Turning to Q3, we expect to make further progress on the integration in achieving our synergy targets and in ramping new client wins. We expect that the typical seasonal pattern of Concentrix revenue and profitability will continue. While we believe that we will see profitability gains from further synergy attainment in Q3, we’ll also see increased investment in client programs in support of sequential revenue growth in Q4, which you have historically seen. We expect Q3 revenues to reflect our efforts to refine our portfolio of clients and projects to ensure we have the right profitability mix and solution for long-term growth. For clarity, these portfolio changes are included in our thinking of being able to grow Concentrix at a rate approaching industry growth rates on a pro forma constant currency basis by the end of 2019, while increasing our non-GAAP operating margin.

As I conclude, I would like to thank all the Concentrix team members who are working to meet our clients’ needs, while completing the integration. The market positioning of our capability set in conjunction with the team’s hard work and dedication give me every confidence in our success in 2019 and beyond. Back to you, Dennis.

D
Dennis Polk
President and Chief Executive Officer

Thanks, Chris. Moving on to our Technology Solutions business, revenue of $4.6 billion was a second quarter record. Our strong non-GAAP operating margin of 2.7% in Technology Solutions reflects our continued commitment to drive leverage and secure the appropriate returns for our investment. Overall, we delivered strong revenue growth in the TS business, particularly in the U.S. As Marshall indicated, our Q2 non-GAAP gross revenue was up nearly 7% year-over-year at constant currency. Benefiting this growth were ongoing cross-selling efforts in our Westcon-Comstor business and some larger volume project wins. Revenue growth and solid profits were delivered in a majority of our products and services.

Turning to our third quarter outlook, for Concentrix, as Chris indicated, we expect all key metrics to track in line to above our expectations, including Convergys integration, revenue growth, new logos, expense management and cash flow generation. We also expect the overall business to perform in line with historical seasonal trends for Q3 and achieve double-digit non-GAAP operating profit margin. In Technology Solutions, we expect Q3 to be consistent with seasonal norms on a gross revenue basis. This should translate to about the same growth on a net revenue basis than we experienced in Q2. But ultimately, will be driven by mix.
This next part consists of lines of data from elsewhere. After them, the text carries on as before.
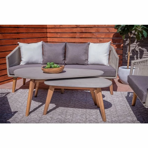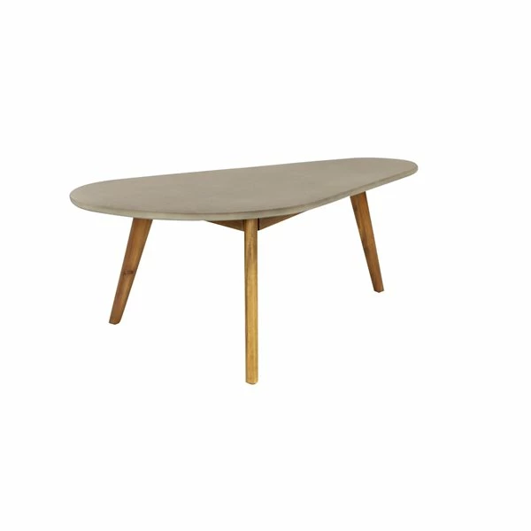 - This grey outdoor table has a lightweight and durable polycement tabletop and 4 mould and water-resistant acacia wood legs
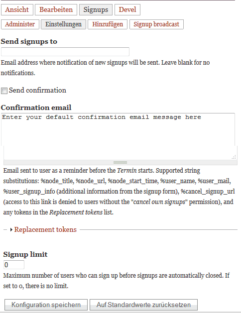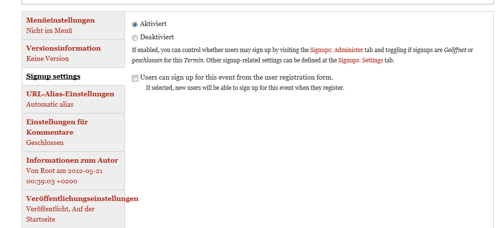 In der Node kommt ein Tab "Signups" hinzu (Anhang 2)
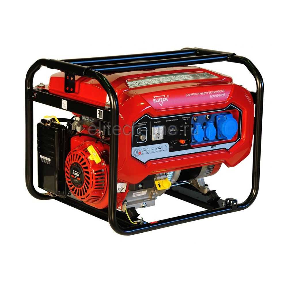 Генератор бензиновый 5,5 кВт Elitech БЭС 6500 РМ (4 такт, 5.5/5.0 кВт, бак 25 л, 90 кг)
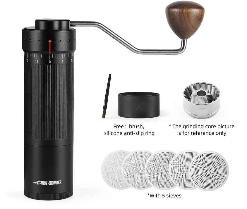 Ручная кофемолка MHW-3BOMBER Blade R3 оснащена семизвёздочными жерновами. Внутренний жернов расположен под углом 45°, наружный — под углом 70°, что обеспечивает ещё более равномерный помол. А цифровое регулировочное кольцо позволяет точно и плавно настраивать степень помола с помощью удобного механизма.
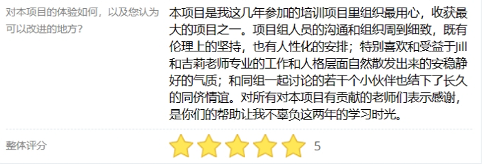 小组讨论:共21次,每两次观摩进行一次,由多位专业助教分组带领研讨案例和理论。时间为周六晚上8:10~9:10
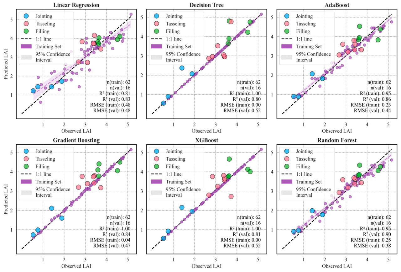 При количественной оценке производительности модели точного инверсионного определения LAI мы используем оптимальное окно выборки признаков, оптимальную комбинацию признаков и оптимальные гиперпараметры модели, а также обучаем и валидируем модель с соотношением обучающей выборки к валидационной 8:2. Как показано на Рисунке 8, модели интегрированного обучения, такие как Random Forest, AdaBoost и Gradient Boosting, демонстрируют относительно высокую точность аппроксимации на протяжении всей стадии роста. Однако R² Decision Tree, Gradient Boosting и XGBoost достигает 1 во время обучения, что указывает на то, что эти модели имеют определенный риск переобучения. Модель линейной регрессии относительно проста и ее легко не переобучить даже при небольшом объеме данных, но точность модели относительно низкая. Точность обучения и точность валидации AdaBoost и Random Forest не сильно различаются, что указывает на то, что эти модели имеют относительно более сильную способность к обобщению, лучшую устойчивость и относительно более высокую точность. Среди них R² алгоритма Random Forest во время обучения составляет 0,95, а RMSE — 0,25 м²/м². R² во время валидации составляет 0,90, а RMSE — 0,38 м²/м², что демонстрирует высокую точность, способную удовлетворить потребности точного инверсионного определения LAI кукурузы.
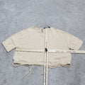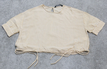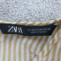 Zara Basics Womens Striped Cropped Blouse Top Drawstring Hem Yellow Cream SZ XS
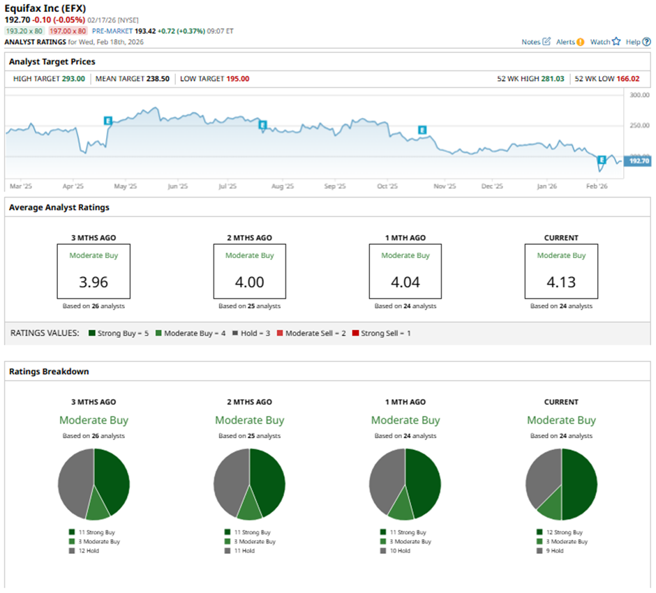 On Feb. 5, BMO Capital cut Equifax’s price target to $195 and maintained a “Market Perform" rating.
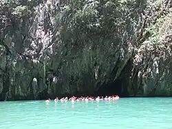 Outside the cave, there is a lagoon which is surrounded by tropical plants and a beach. The name of the cave is derived from the phenomenon that occurs, when the sun shines on the water, which reflects colored light all over the cave’s wall. This can only be seen between 10.00 am and 2.00 pm.

Within the TS business, we expect the tech sector and its channel to remain healthy with a reasonable demand level.

Overall, we are positive about the markets that both Concentrix and Technology Solutions participate in. While we acknowledge there are always macro challenges at play, especially in the current environment, we remain optimistic that our balanced portfolio, geographic reach and the sizable markets of both businesses will support our growth. We are proud to have completed 128 consecutive quarters of profitable results. Our growth has also led us to be recognized as #158 in the latest Fortune 500 ranking, representing an improvement of over 200 positions since our debut on the list in 2007.

In closing, I want to thank all our associates around the world for their hard work and commitment to our company, and I want to thank our business partners and shareholders for their continued trust and support.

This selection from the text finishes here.